È molto importante fare attenzione alle parole che si usano e che
vengono usate, e sarebbe davvero bello se ognuno “assomigliasse alle
parole che dice “(1).
La scuola non è un supermercato o un’azienda dove ognuno può essere
illuso dalla pubblicità e poi comprare ciò che desidera; “la scuola è un
organo costituzionale “(2) che ha il compito di istruire facendo
acquisire conoscenze e competenze, di far crescere e formare cittadini
valorizzando la loro persona nel rispetto delle differenze e delle
identità di ciascuno e di ciascuna (3).
La nostra Repubblica ha il compito di “dettare le norme generali
sull’istruzione ed istituire scuole statali per tutti gli ordini e
gradi.”(4)
Questi compiti assegnati alla scuola pubblica sono costosi, sia nel
senso economico che dell’impegno ma, come recitava uno slogan di qualche
anno fa, l’ignoranza costa molto di più.
I costi per mantenere la scuola sono pagati dalle tasse che ciascuno dei cittadini italiani paga (o dovrebbe pagare).
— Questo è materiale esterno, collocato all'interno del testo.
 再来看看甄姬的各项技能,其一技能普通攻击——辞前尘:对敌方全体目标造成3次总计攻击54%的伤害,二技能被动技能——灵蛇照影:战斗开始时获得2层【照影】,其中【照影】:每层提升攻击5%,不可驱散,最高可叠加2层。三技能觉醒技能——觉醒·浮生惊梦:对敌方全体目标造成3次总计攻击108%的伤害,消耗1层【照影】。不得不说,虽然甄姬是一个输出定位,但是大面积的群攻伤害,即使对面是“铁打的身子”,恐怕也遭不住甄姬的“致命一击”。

Quando si legge su piano della “Buona Scuola” che “Le risorse pubbliche
non saranno mai sufficienti a colmare le esigenze di investimenti nella
nostra scuola” vuol dire che non ci saranno maggiori investimenti
pubblici (infatti c’è scritto che “i limiti saranno quelli delle risorse
disponibili ”) ma che si chiederanno soldi ai privati cittadini.
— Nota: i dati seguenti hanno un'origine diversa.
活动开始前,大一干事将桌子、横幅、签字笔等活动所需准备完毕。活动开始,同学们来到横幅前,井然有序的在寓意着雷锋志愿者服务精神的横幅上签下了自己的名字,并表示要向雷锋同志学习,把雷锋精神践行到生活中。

In definitiva le famiglie, che già contribuiscono in maniera importante,
pagheranno molto di più anche perché sul piano della cosiddetta “Buona
Scuola” sono previsti: l’entrata di “sponsor” che condizioneranno i
programmi ed i piani dell’offerta formativa, il finanziamento delle
scuole private ed il versamento di parte del proprio contributo fiscale
per finanziare i progetti scolastici.
In televisione è stato detto che sarebbero stati assunti molti
insegnanti precari che avrebbero risolto il problema dei supplenti; poi
però, quando è stato il momento giusto per assumerli, il Governo non lo
ha fatto e, per farlo in misura inferiore a quella necessaria, ha
preteso in cambio una delega su 13 fondamentali aspetti della scuola. In
pratica è come se qualcuno dicesse: “Assumerò una parte degli
insegnanti solo se poi posso decidere da solo come trasformare la
scuola”. In televisione è stato detto che è ridicolo che qualcuno protesti contro
un governo che assume gli insegnanti precari ma non si è detto che, in
realtà, il nostro Paese è stato condannato dalla Corte di Giustizia
Europea ad assumerli perché erano già stati impiegati per il periodo
giusto a maturare il loro diritto di lavorare stabilmente.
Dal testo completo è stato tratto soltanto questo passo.